Муж сказал: или мать, или ты. Я выбрала чемодан

Галина думала, что двадцать лет брака дают право на голос. Но когда Виктор поставил ультиматум, она выбрала не то, что он ожидал. И не то, что ожидала сама.

Галина нашла чемодан на антресолях в половине десятого вечера. Пыль на нём лежала таким плотным слоем, что палец оставил борозду, как по свежему снегу.

Она стянула его вниз, и чемодан глухо ударился о пол в прихожей. Виктор из кухни даже не повернулся.

Всё началось за три дня до этого. В субботу.

Галина стояла у плиты и помешивала рассольник, когда зазвонил телефон. Мать. Зинаида Павловна звонила каждую субботу ровно в два часа, будто по расписанию, и Галина каждый раз снимала трубку левой рукой, не выпуская ложку из правой.

— Галя, у меня кран потёк.

— Какой кран, мам?

— На кухне. Который ты в прошлый раз чинила. Опять капает. Всю ночь капал, я тряпку подложила.

Галина прижала телефон плечом к уху и убавила огонь.

— Я завтра заеду, посмотрю.

— Завтра воскресенье. У тебя семья.

— Мам, я заеду.

Виктор сидел за столом и листал что-то в телефоне. Большой палец ритмично скользил по экрану вверх, вверх, вверх. Он не поднял глаз, но Галина по тому, как дёрнулся мускул у него на челюсти, поняла: слышал.

Она положила ложку на подставку. Рассольник булькнул и затих.

— Опять поедешь? — спросил он, не глядя.

— Кран течёт.

— У неё всегда что-то течёт. Или скрипит. Или не открывается.

Галина промолчала. Достала тарелки из сушилки, расставила на столе. Две глубокие, одна мелкая для хлеба. Двадцать лет одни и те же тарелки, белые с синей каёмкой, три штуки из набора давно разбились, но она не покупала новые. Привыкла к этим.

— Галь.

— Что?

— Я серьёзно спрашиваю. Ты каждые выходные к ней ездишь. Каждые.

Она поставила хлебницу между тарелками и села напротив.

— Она одна живёт, Вить. Ей семьдесят два года.

— А у нас что, не жизнь?

Он наконец поднял глаза. Серые, с коричневыми крапинками у зрачка. Когда они познакомились, ей казалось, что у него самые необычные глаза из всех, что она видела. Сейчас она заметила только красные прожилки на белках и припухшие веки.
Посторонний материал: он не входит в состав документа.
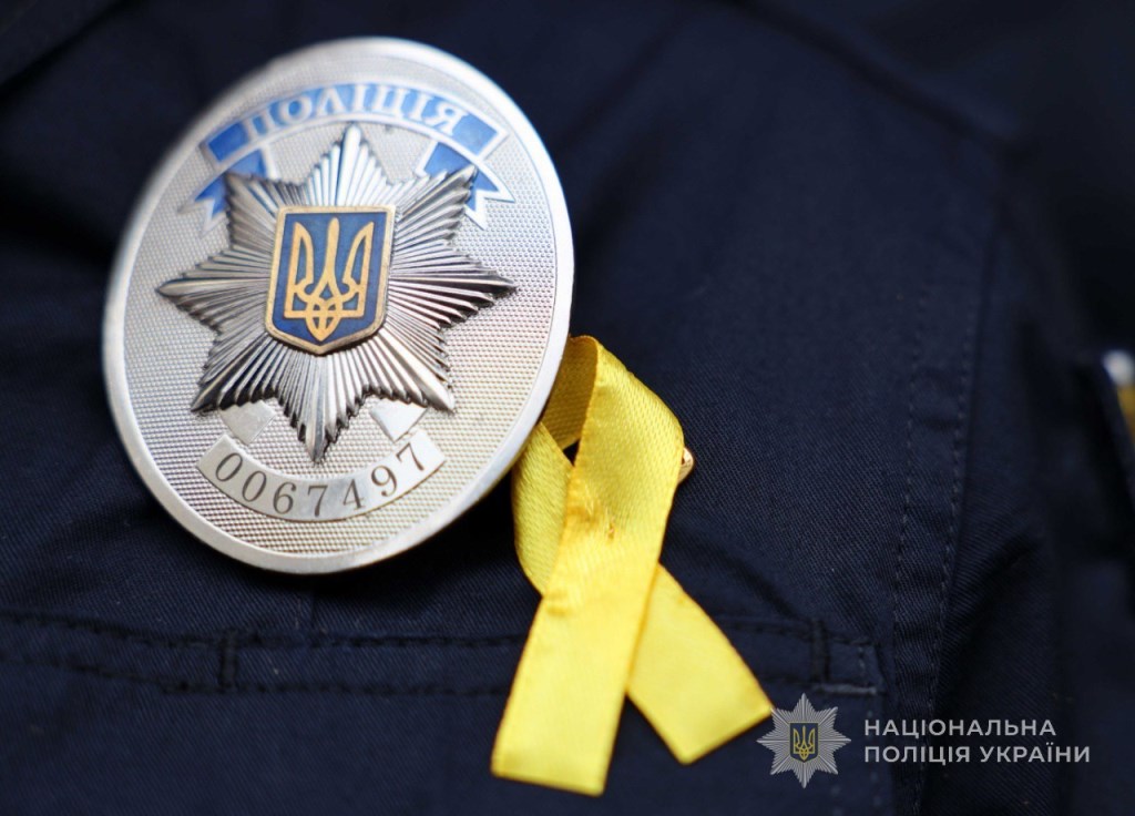 Поліцейські розмістили золоті стрічки на форменому одязі на знак солідарності онкохворих дітей та їхніх родин.
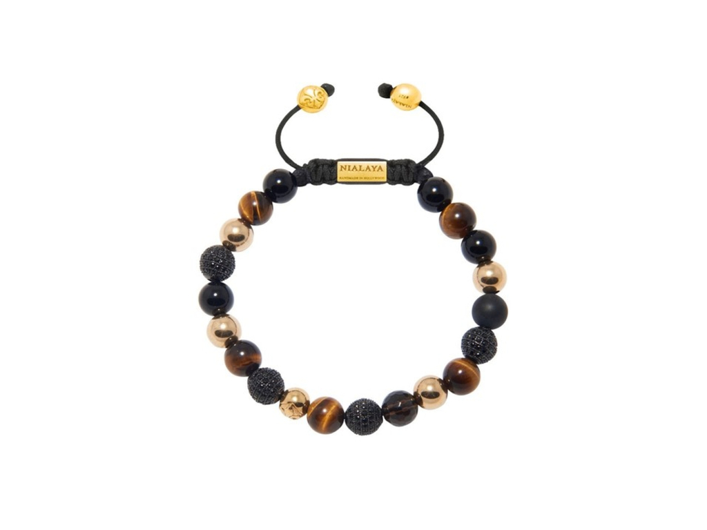 | Materiál | 18K pozlacení, Achát černý, CZ Diamanty, Křemen kouřový, Onyx, Tygří oko hnědé, Ušlechtilá ocel |
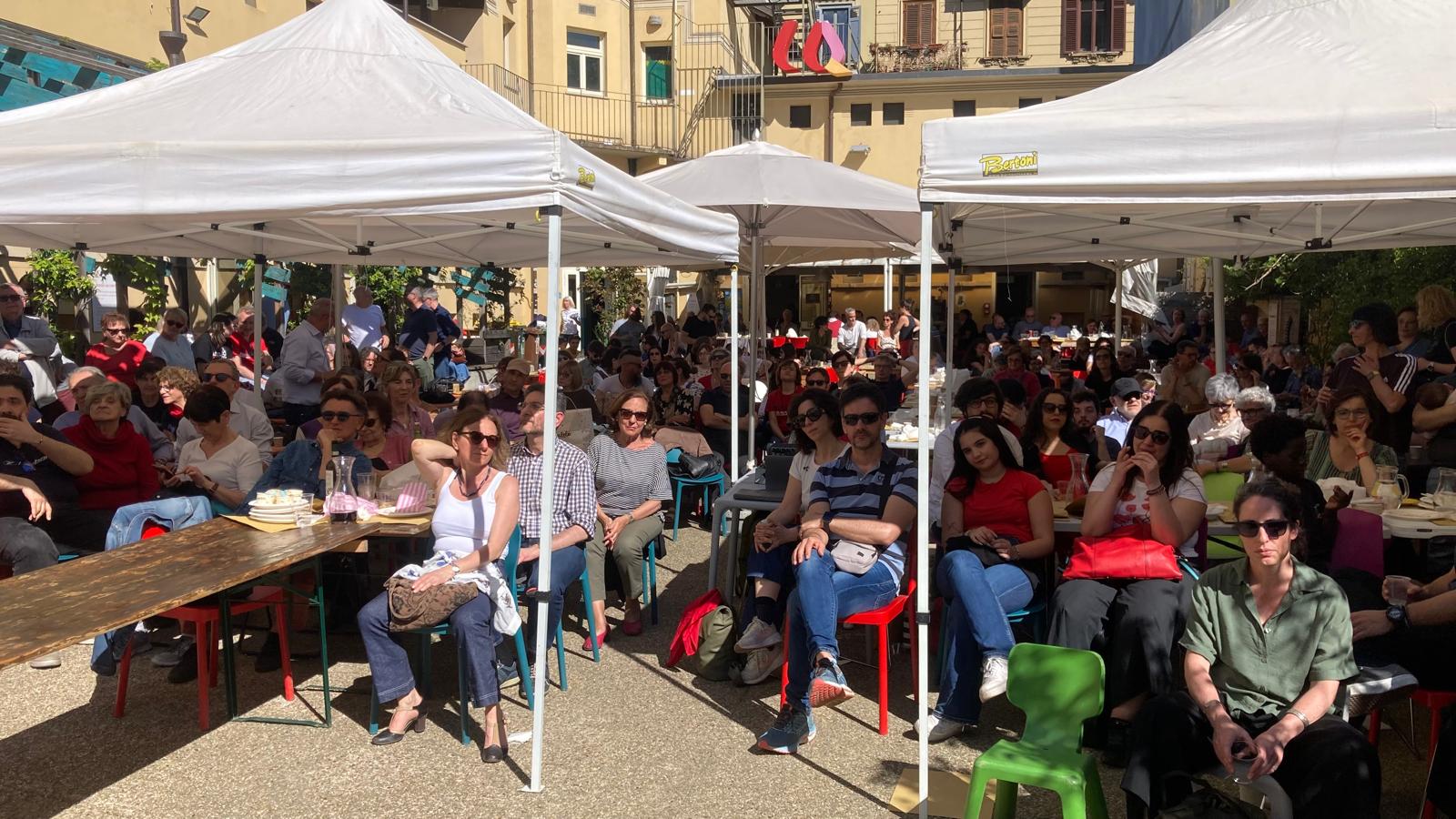 Eravamo in duecento alla Casa del Quartiere: c’era un bellissimo sole; molte magliette colorate; nonni genitori, giovani e giovanissimi.
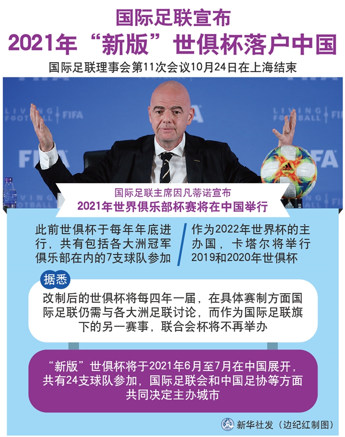 上海10月24日电(记者韦骅、马邦杰、朱翃)24日于上海结束的国际足联理事会第11次会议上,国际足联主席因凡蒂诺宣布,2021年“全新”的世俱杯将在中国举行。作为改制后的首届,2021年世俱杯“新”在哪里?

— Я же не на неделю уезжаю. На полдня.

— Полдня в субботу. Полдня в воскресенье, когда она звонит и говорит, что забыла, куда положила карточку. Вечер во вторник, потому что ей одиноко. И я сижу тут один.

Галина хотела сказать, что он не один, что он сидит в квартире с телевизором, с холодильником, полным еды, с горячей водой и работающим краном. Но не сказала. Налила ему рассольник и подвинула тарелку.
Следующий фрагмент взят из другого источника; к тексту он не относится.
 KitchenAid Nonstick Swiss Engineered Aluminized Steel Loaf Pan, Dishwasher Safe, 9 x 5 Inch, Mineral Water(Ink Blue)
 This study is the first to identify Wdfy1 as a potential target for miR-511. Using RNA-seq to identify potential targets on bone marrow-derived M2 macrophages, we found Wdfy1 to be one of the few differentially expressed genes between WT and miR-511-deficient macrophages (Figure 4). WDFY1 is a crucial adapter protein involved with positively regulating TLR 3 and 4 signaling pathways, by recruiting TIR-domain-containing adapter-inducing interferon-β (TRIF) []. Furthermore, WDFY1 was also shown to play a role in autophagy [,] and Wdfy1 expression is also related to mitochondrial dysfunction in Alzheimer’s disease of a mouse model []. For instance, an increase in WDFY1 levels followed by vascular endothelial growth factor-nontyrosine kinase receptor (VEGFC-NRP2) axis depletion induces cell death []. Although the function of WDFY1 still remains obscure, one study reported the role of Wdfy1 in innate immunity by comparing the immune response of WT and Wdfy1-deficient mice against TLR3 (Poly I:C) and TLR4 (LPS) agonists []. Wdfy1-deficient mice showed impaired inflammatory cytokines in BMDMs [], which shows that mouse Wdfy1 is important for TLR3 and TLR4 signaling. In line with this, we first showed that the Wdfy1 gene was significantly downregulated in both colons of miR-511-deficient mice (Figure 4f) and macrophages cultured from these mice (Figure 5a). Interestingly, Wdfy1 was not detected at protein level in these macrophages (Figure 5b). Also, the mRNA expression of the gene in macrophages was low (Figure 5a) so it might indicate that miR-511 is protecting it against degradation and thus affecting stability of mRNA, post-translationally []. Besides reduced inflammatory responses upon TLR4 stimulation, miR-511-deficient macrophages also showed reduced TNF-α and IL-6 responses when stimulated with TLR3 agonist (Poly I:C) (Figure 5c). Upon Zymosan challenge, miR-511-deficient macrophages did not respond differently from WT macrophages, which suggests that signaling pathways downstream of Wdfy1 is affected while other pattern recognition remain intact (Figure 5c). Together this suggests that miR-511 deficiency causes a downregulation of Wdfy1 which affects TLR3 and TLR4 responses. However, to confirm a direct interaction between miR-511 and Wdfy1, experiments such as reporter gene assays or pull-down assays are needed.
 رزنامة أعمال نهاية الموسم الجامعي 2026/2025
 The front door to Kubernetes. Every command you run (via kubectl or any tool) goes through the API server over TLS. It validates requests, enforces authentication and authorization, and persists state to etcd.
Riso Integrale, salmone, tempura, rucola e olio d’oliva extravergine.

В воскресенье она поехала к матери.

Зинаида Павловна открыла дверь в домашнем халате, вылинявшем до неопределённого цвета между голубым и серым. Ростом она была Галине по плечо, сто пятьдесят четыре сантиметра, и с каждым годом, казалось, ещё немного оседала, как дом на слабом фундаменте.

— Разувайся, я полы мыла.

В квартире пахло хлоркой и варёной картошкой. Галина прошла на кухню. Кран действительно капал: медленно, с паузами, будто раздумывал.

— Мам, тут прокладку надо менять. Я в прошлый раз говорила.

— Так поменяй.

— Мам, надо сантехника вызвать. Нормального.

— Я чужих в дом не пущу.

Этот разговор повторялся каждые два месяца. Галина открыла тумбочку под раковиной, достала разводной ключ, который она сама же сюда и положила полгода назад, и полезла разбираться. Колени упёрлись в холодный кафель. Пальцы намокли сразу, и она вытерла их о джинсы.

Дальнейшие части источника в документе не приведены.